Crude oil futures jumped nearly 5% in early trading on Thursday after U.S. President Donald Trump said he expected Saudi Arabia and Russia to reach a deal in the next few days to end their oil price war.
Brent crude LCOc1 futures rose 4%, or $1, to $25.74 as of 0118 GMT, after touching a high of $25.89. U.S. West Texas Intermediate (WTI) crude CLc1 futures were up 3.7% or 75 cents, at $21.06, after hitting a high of $21.47.
Trump said at a news conference the oil industry had been "ravaged", with oil prices having plummeted to 18-year lows amid a battle for market share between Saudi Arabia and Russia and fuel demand being slammed by the coronavirus pandemic. He said he expected the pair would "work it out over the next few days" after talking to both countries' leaders.
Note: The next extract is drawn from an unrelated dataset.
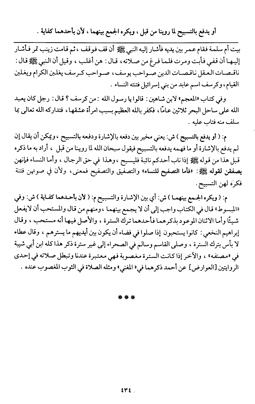أو يدفع بالتسبيح لما روينا من قبل، ويكره الجمع بينهما؛ لأن بأحدهما كفاية.

"It's very bad for Russia, it's very bad for Saudi Arabia. I mean, it's very bad for both. I think they're going to make a deal," he told reporters at the White House.
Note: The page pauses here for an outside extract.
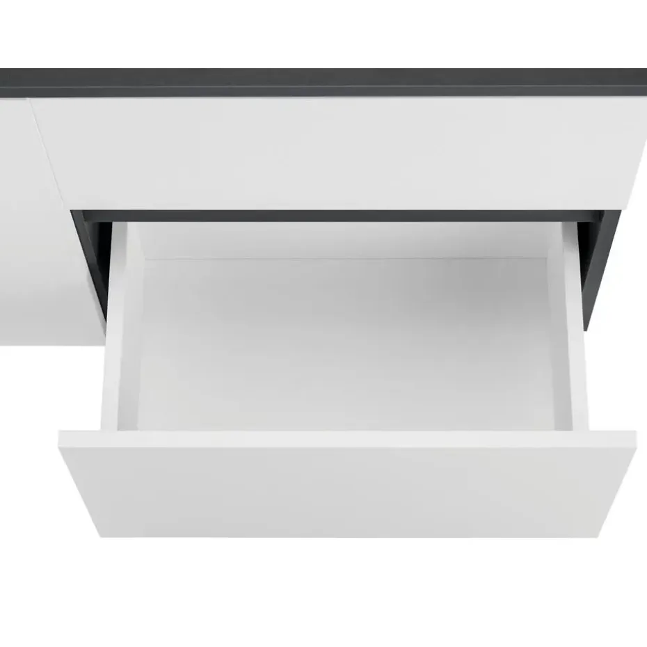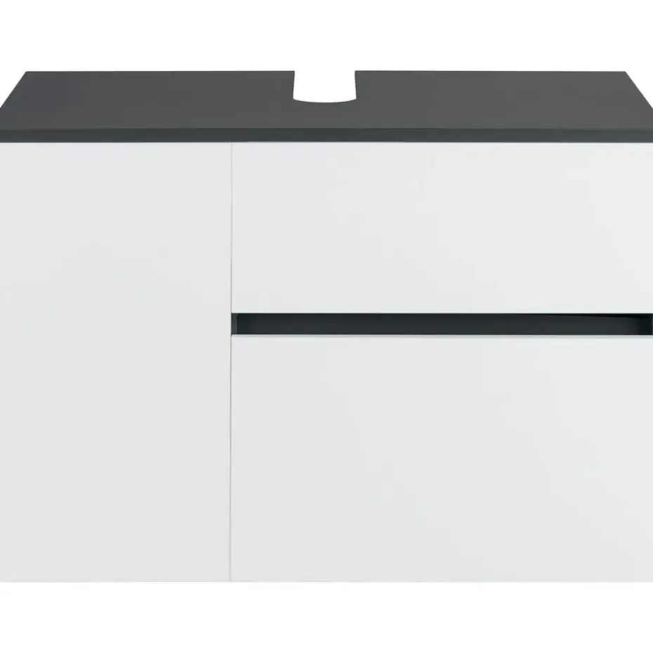 Het badmeubel met matte fronten geeft je badkamer een modern tintje. Achter de deur en klep met push-open functie zit handige opbergruimte voor verschillende gebruiksvoorwerpen. Het badmeubel heeft ook een ruime lade.

He also said he would be meeting with oil executives, where he is expected to discuss a range of options to help the industry amid the sharp hit to demand as the coronavirus outbreak has hammered industrial activity and kept cars off the road. U.S. crude stockpiles rose 13.8 million barrels in their biggest weekly increase since 2016.
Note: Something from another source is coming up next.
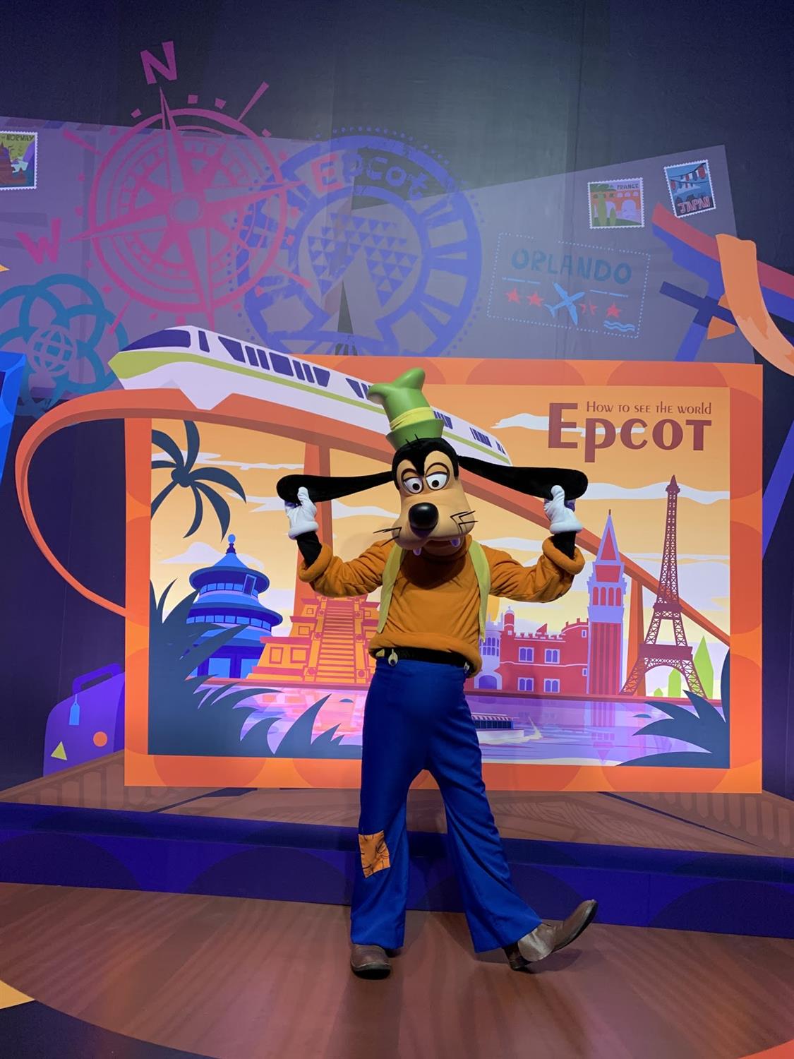 Mickey, Minnie and Goofy are still there but the backdrop for them has changed

Analysts expect more of the same in coming weeks as refiners take in less crude, with gasoline and jet fuel use plummeting. Gasoline demand suffered its biggest weekly drop ever as economic activity has dropped due to the coronavirus pandemic, U.S. Energy Information Administration data showed. Research firm Rystad Energy estimates global crude oil demand in April will fall nearly 23% year-on-year to 77.6 million bpd.
Thursday's rise could also be due to traders expecting high-cost U.S. shale producers to come under pressure to cut production, CMC Markets chief market strategist Michael McCarthy said. "High debt levels could see some of those producers wiped out," he said.
U.S. shale producer Whiting Petroleum Corp (WLL.N), once the largest oil producer in North Dakota, on Wednesday became the first publicly traded casualty of the oil price collapse as it filed for Chapter 11 bankruptcy. The company said it had worked to cut costs and would continue to operate under its proposed restructuring.